With crude prices hitting a three-year high and the outlook hardening further, Indians need to brace for a continued rise in fuel prices. Unless, of course, the Central government decides to roll back the steep excise levies it imposed during a softer price regime.
Over the last three years, Indian consumers have bemusingly watched fuel prices rising in an inverse proportion to the movement in crude prices — global as well as Indian basket. And quite interestingly this coincided with the landmark electoral victory of Narendra Modi, who decimated the Opposition by running a campaign on an ultra-nationalist plank.
Soon after Modi’s election as prime minister, crude prices started falling. In about a year and half after Modi came to power, crude fell below $30. The last time crude oil was available for this low a price was exactly 15 years ago, in 2001.

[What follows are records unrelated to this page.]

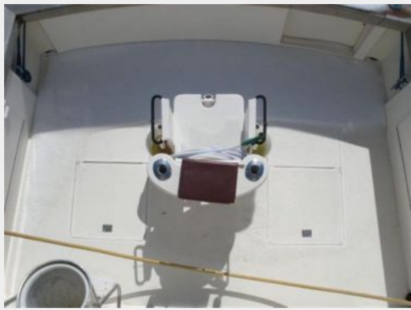
Cockpit and Fighting Chair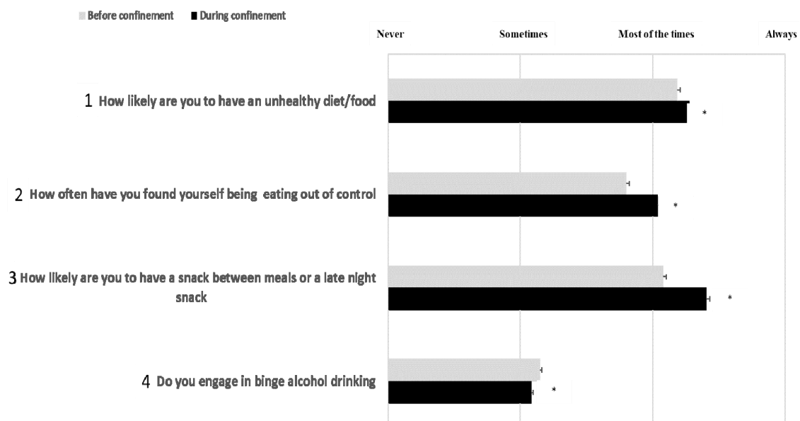
Figure 1. Participants' scores in response to the related diet behaviour questions. *: Significant differences between "before" and "during" COVID-19 home confinement period.

Recorded scores in responses to the diet behaviour questionnaire before and during home confinement are presented in Figure 1 (question 1 to 4) and 2 (question 5). For detailed distribution of responses (in %), please see Table S1 (Supplementary File).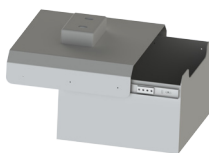
Storage Drawer (WLB-1050)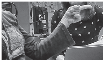
b) "If we go after her"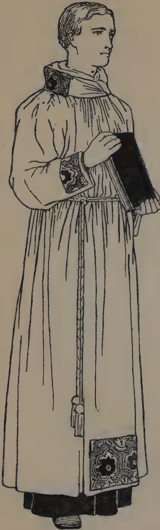
CLERK IN CASSOCK, AMICE, ALB, AND GIRDLE.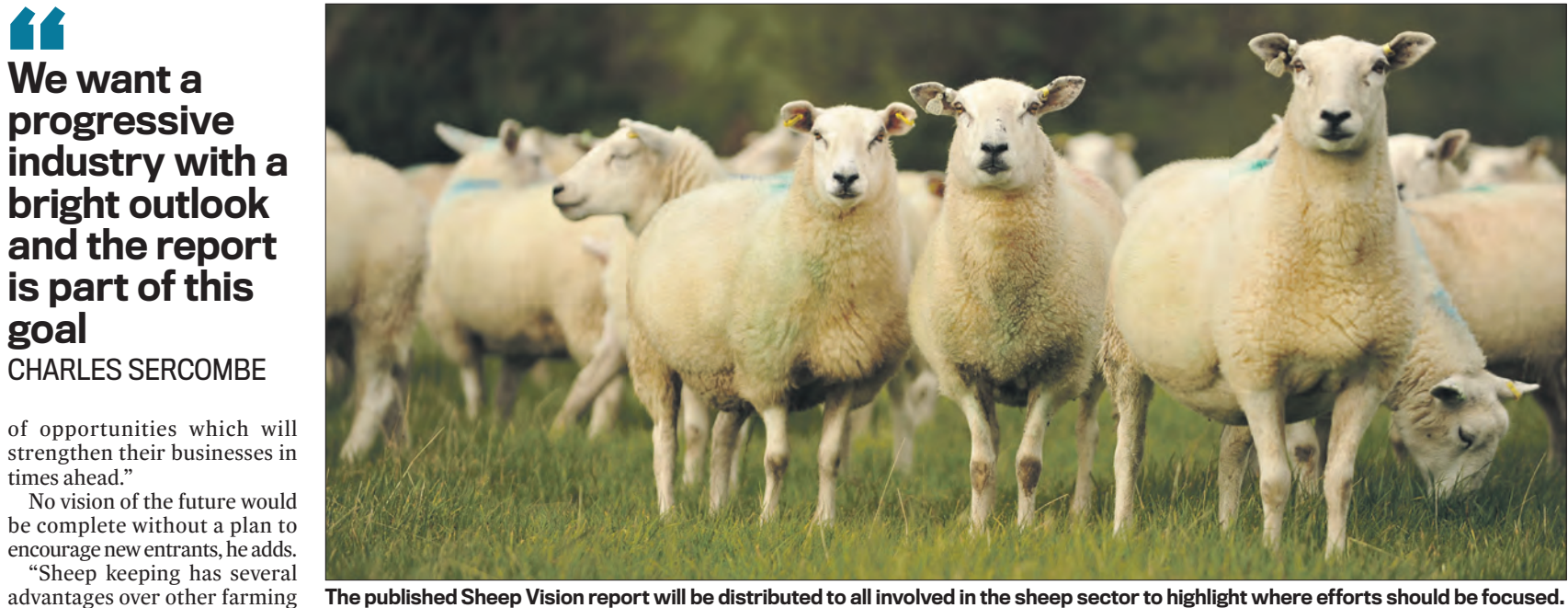
The published Sheep Vision report will be distributed to all involved in the sheep sector to highlight where efforts should be focused.

disseminated to NSA and NFU members and made available to others online The report is to be revisited at regular intervals in the future, so pressure is maintained to move the sector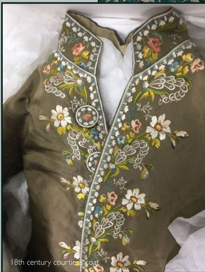
18th century courtier's coat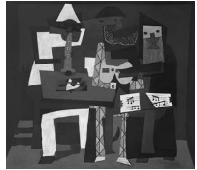
Figure 18 Pablo Picasso (1881–1973), Three Musicians , 1921. Oil on canvas, 6'7" x 7'3 ¾". Mrs. Simon Guggenheim Fund. (55.1949), The Museum of Modern Art, New York. Reproduced by permission from Art Resource, NY. Photo credit: © The Museum of Modern Art / Licensed by SCALA / Art Resource, NY

Greenberg has only contempt for kitsch, which relies essentially on representation, narration, and drama—features central to the traditional arts—but that doesn’t prevent him from admiring Giotto, Michelangelo and Raphael, Shakespeare, and Rembrandt—even the medieval artist who worked under the Church’s direction: “Precisely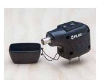
View measurements on your tablet with free FLIR Tools Mobile \,

MR02 .....Replacement Pin Moisture Probe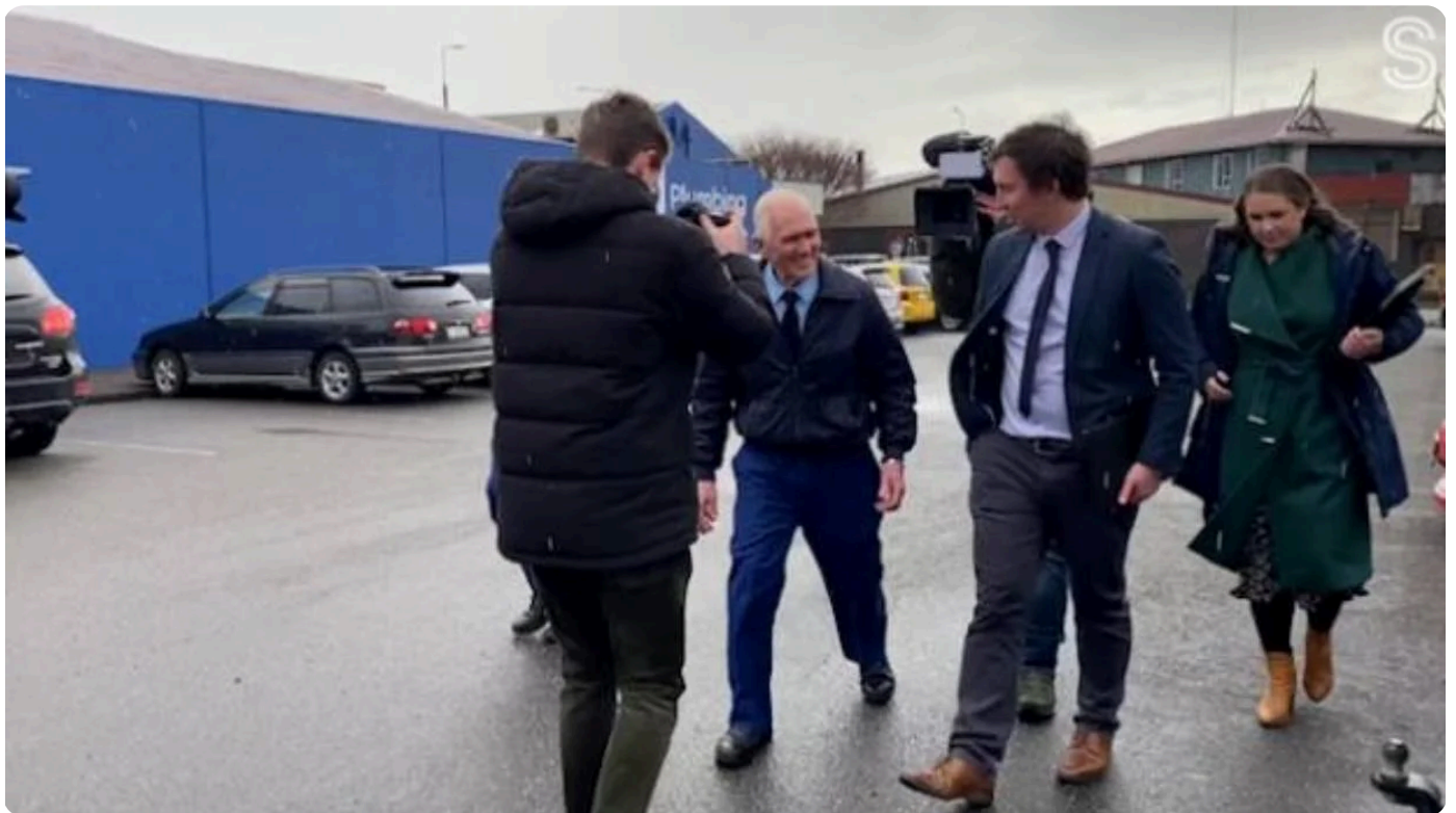
Gloriavale overseeing shepherd appears in court for alleged sexual offending

Gloriavale's overseeing shepherd is facing 27 charges of sexual offending spanning more than 23 years against 10 alleged victims.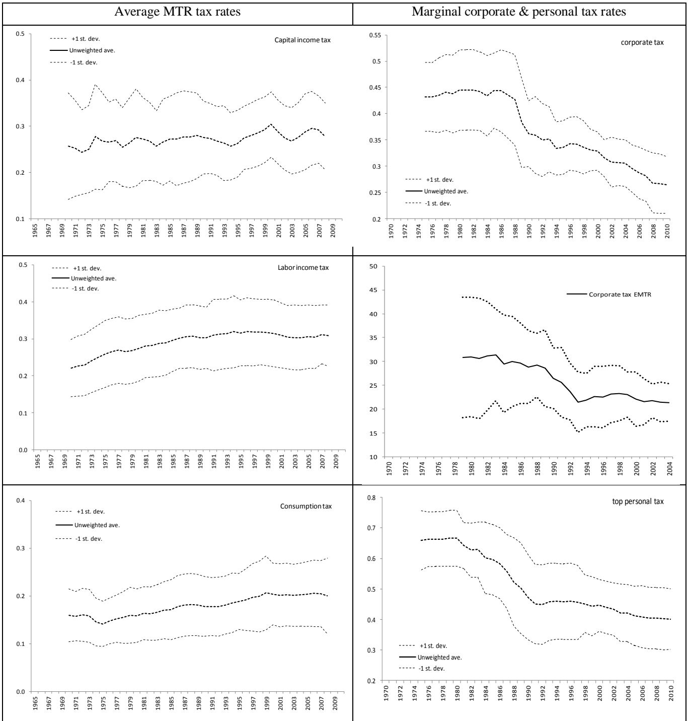
Figure 2 Tax Rates

Sources: MRT tax rates: McDaniel (2007); Corporate & top personal tax rates: TPRC, University of Michigan, IFS (2005) and OECD (2012).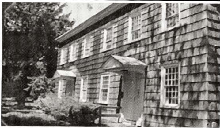
Friends Meeting House, Shrewsbury, New Jersey, 1816.

This narrative has sometimes been questioned and sometimes been taken to prove that Fox was an instrument in working miracles. Neither solution is satisfactory, or necessary. Recent medical annals give similar cases. A dislocated neck is not necessarily fatal. The incident shows again Fox's readiness in dealing coolly and skillfully with hard situations. He endeavors to do what can be done (2).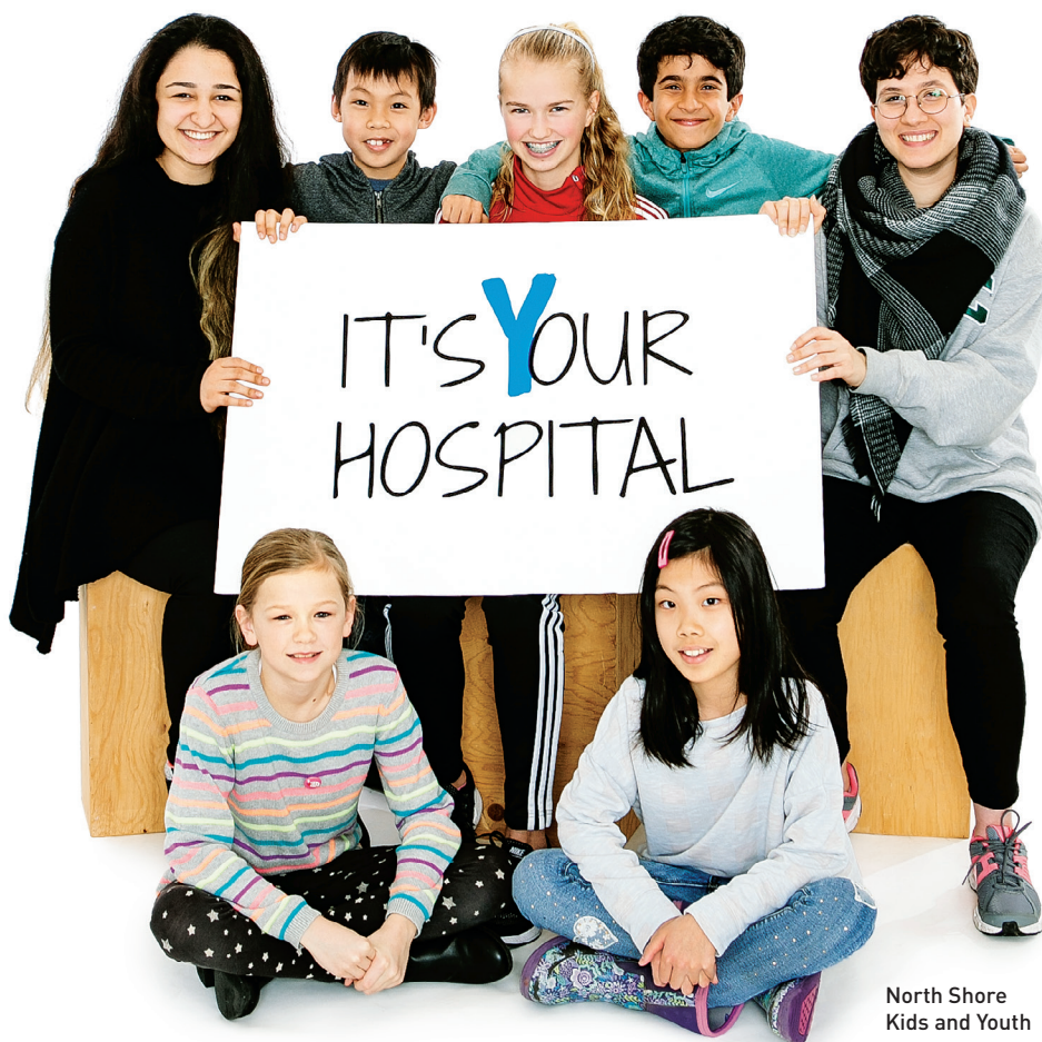
North Shore Kids and Youth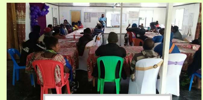
NARI Rep speaking to the farmers

Interested farmers under the organisation group from within and around the community were called in for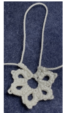
S2 thread pulled back through the picot

Next pull the core thread taught so that the S2 thread comes through the picot and forms the first half DS around the core thread. Be sure that the stitches slide correctly so the ring will close. Continue with the second half of the DS, and the remaining stitches of the split ring. →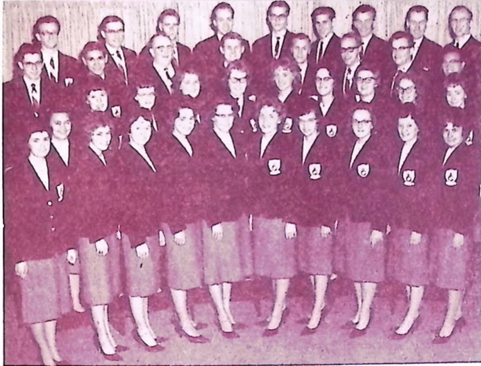
The T.B.C. 40 Voice Choral, 1963.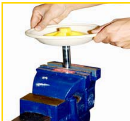
STEP 13 (Fig 14)

To remove diaphragm assembly from shaft, secure shaft with soft jaws (a vise fitted with plywood or other suitable material) to ensure shaft is not nicked, scratched, or gouged. Using an adjustable wrench or by hand, remove diaphragm assembly from shaft. Inspect all parts for wear and replace with genuine PRICE parts if necessary. (Fig 14)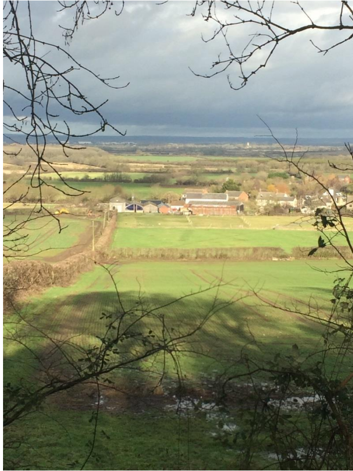
4-A: View from Higher Land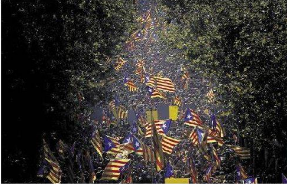
The other secessionists A week before Scotland holds its independence vote, supporters of Catalonia's separation from Spain marched in Barcelona. PAGE 4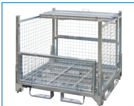
M7541 pictured with M7533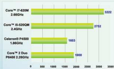
*The CPU benchmark is performed using Passmark® Performance Test 7.0 based on Win7 64bit OS.

Nuvo-1000 inherits remarkable features introduced to Intel Core™ i7/i5 platform, such as new 32nm micro-architecture, Turbo Boost and Hyper-Threading (2 cores/4 threads). The result is a significant performance improvement over previous Core™2 Duo platform. In addition, the new, integrated Intel® HD Graphics engine also doubles the graphics performance.

However, Indian fuel prices started showing a sticky tendency — they wouldn’t fall in tandem with the drop in global oil markets.
Consumers never bothered for a while, and then eventually got used to it. Fuel prices assumed a cathartic value, as if it were. A sacrifice for Modi’s vision of nation-building — Make in India, Swachch Bharat and other hobby horses ran on expensive fuel.
Not to say there haven’t been feeble outcries over the Great Indian fuel fleece. But all this fell on deaf ears and then came the daily pricing of petrol and diesel. This looked quite fanciful, in line with an economy that just embraced digital and demonised currency notes. At the end of the day, it just became a marvellous conditioning tool that robbed the consumers of even the price coordinates.
Now what happens next with prices actually hardening and the outlook appearing daunting?
Prices are soon set to race past the record high of Rs 81.75 (Mumbai), marked in August 2014. Petrol prices are near the 2014 levels when crude prices were several notches higher. West Texas Intermediate, or the US benchmark crude, was $101 in August 2014. By comparison, WTI crude futures were at $64.81 a barrel on Monday while Brent hovered around $70.
Where are crude prices heading and what is the logical outcome of a stiffening oil market on the fuel prices scenario in India? It looks like a continued high-price scenario is going to be the new normal. Petrol at Rs 100? That doesn’t look like an absurd take unless the government decides to withdraw hefty excise duties on fuel.
Petrol prices are inching closer to Rs 80 a litre — the highest in three years — while the price of diesel has also hit a record high. Petrol prices in Mumbai topped the September 2014 high of 79.48 while diesel has risen past a high of 62.37 per litre.
The tightening of the oil markets last year was due mainly to the supply cut orchestrated by OPEC and Russia. These cuts, which came into force at the start of the last year, helped revive crude prices. The supply limits will be in place throughout 2018, signalling a harder price environment.
A Morgan Stanley report agrees with such a scenario, saying Brent crude will hit $75 per barrel by the third quarter of 2018.
Another round of oil price spike is not predicted by anyone, but a certain hardening of the market is the likely outcome for 2018. Apart from demand pressures and other external factors impacting prices, supply-side pressures are clearly seen existing in 2018.
A report by Bank of America Merrill Lynch said the supply deficit is likely to rise this year. “We now see a deficit of 430,000 barrels per day (bpd) in 2018 compared to 100,000 bpd prior,” the bank said in a research note, Reuters reported. The report also said the average prices for Brent crude will hit $64 per barrel in 2018 compared with $56 in the previous year.
India fuel price scenario
In June 2014, WTI crude was nearly $110 per barrel, from where the descent started. By December that year, the prices came down to around $55 per barrel. WTI crude ended the year at $53.27 per barrel. One year down the line, prices fell below $30. But none of this was passed on to consumers.